Integral Calculation Using Trig Substitutions

[DeadWolfe]

Our professor today was showing us how to find integrals using trig subsitions.

I was wonder, in a substituation, say, like, x = sin u, how are we entitled to make such a substitution without restricting the values of x, when the sin function's values are between -1 and 1.

 

[learningphysics]

Our professor today was showing us how to find integrals using trig subsitions.

I was wonder, in a substituation, say, like, x = sin u, how are we entitled to make such a substitution without restricting the values of x, when the sin function's values are between -1 and 1.

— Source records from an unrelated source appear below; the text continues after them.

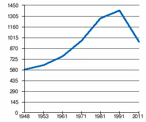 - 1 2 (sq) « Évolution de la population 1948-2011 », sur pop-stat.mashke.org (consulté le ).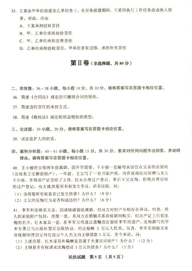 2011年全国成人高考专升本《民法》试题及答案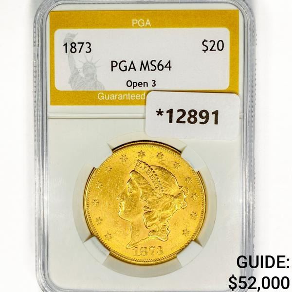 1873 $20 Gold Double Eagle PGA MS64 Open 3

Yes, the values of x are restricted. Hopefully the limits of integration will be between x=-1 and x=1

You will know that the substitution is invalid when you try to determine the new limits of integration. If you have an integral that goes from x=3 to x=5,
and you substituted x=sin u, you'll know that you've made a mistake since 3=sinu and 5=sinu have no solutions.

 

[M98Ranger]

Great question! When using trig substitutions, we are essentially changing the variables in our integral to make it easier to solve. In the example you mentioned, x = sin u, we are essentially replacing x with sin u in our integral. This substitution is valid because the values of x and sin u are related through the trigonometric identity x = sin u. This means that for any value of x, there exists a corresponding value of sin u and vice versa. So even though the values of sin u are restricted between -1 and 1, we can still use this substitution in our integral because it is a valid mathematical relationship. Hope that helps clarify things!